Şekerpare, Osmanlı’nın çöküş dönemini ve toplumdaki bozulmayı, muhteşem bir mizahla bizlere aktarmayı başaran bir sinema filmi. Şekerpare, Turgut Özakman’ın “Bir Şehnaz Oyun’’ isimli tiyatro oyunundan sinemaya uyarlandı. Bu uyarlamayı, sinemamızın en önemli isimlerinden Yavuz Turgul yapmış ve filmin senaryosunu yazmıştır. Yönetmen koltuğunda ise, usta isim Atıf Yılmaz yer alıyor. Şekerpare’nin kamera arkasında tanıdık yüzler bitmiyordu, filmin yapımcılığını bir diğer usta isim Ertem Eğilmez yapmıştır.
Bu dönem filminin oyuncu kadrosunda ise birçok önemli isim rol aldı. Başrollerde; Türk sinemasının iki çok önemli ismi Şener Şen ve İlyas Salman var.
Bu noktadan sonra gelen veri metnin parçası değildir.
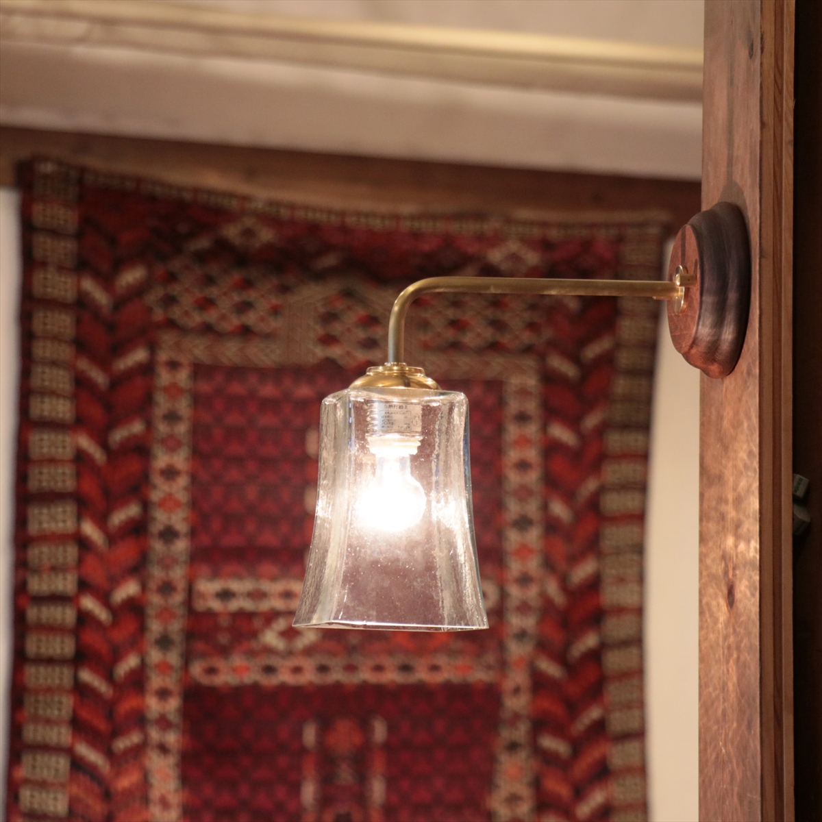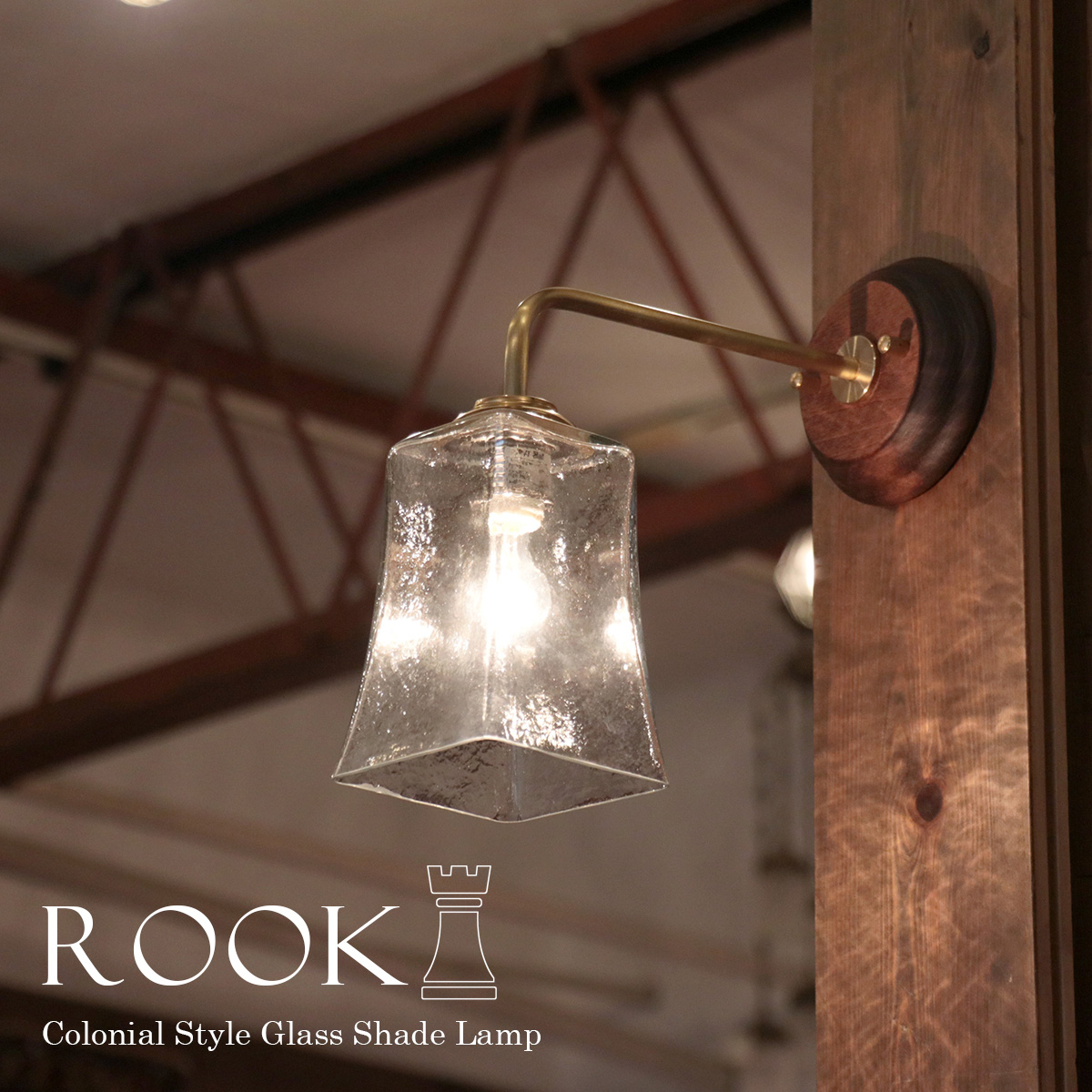 - ウォールランプ ガラスシェード/真鍮&ウッドコロニアル ルーク クリア 要電源工事

Bu ikiliye; Yaprak Özdemiroğlu, Şevket Altuğ, Ayşen Gruda, Neriman Köksal eşlik ediyor.
Dönemin Osmanlı’sında komiser olan Ziver Bey (Şener Şen), toplum tarafından pek hoş karşılanmayan, rüşvetçi ve çıkarcı bir memurdur. Özellikle sorumlu olduğu bölgeden topladığı yüksek haraçlarla, herkesi canından bezdirmiştir. Ziver Bey’in sorumlu olduğu karakola Cumali (İlyas Salman) isimli bir bekçinin tayin olmasıyla işler değişmeye başlar. Cumali, semtteki bozulmuş düzeni yeniden kurmaya niyetlidir. Bir yandan da Cumali, semtin genelevinde çalışan Şekerpare’ye (Yaprak Özdemiroğlu) deli gibi aşıktır. Fakat biri daha Şekerpare’ye gönlünü kaptırmıştır. Tabii ki bu kişi Ziver Bey’dir. Ayrıca Şekerpare’nin gönlü de Ziver Bey’dedir. Film, bu aşk üçgeninde ilerleyen konuyu, genelevde ve semtte geçen olayları, çok yüksek komedi unsurları ile bezeyerek aktarmayı başarmıştır.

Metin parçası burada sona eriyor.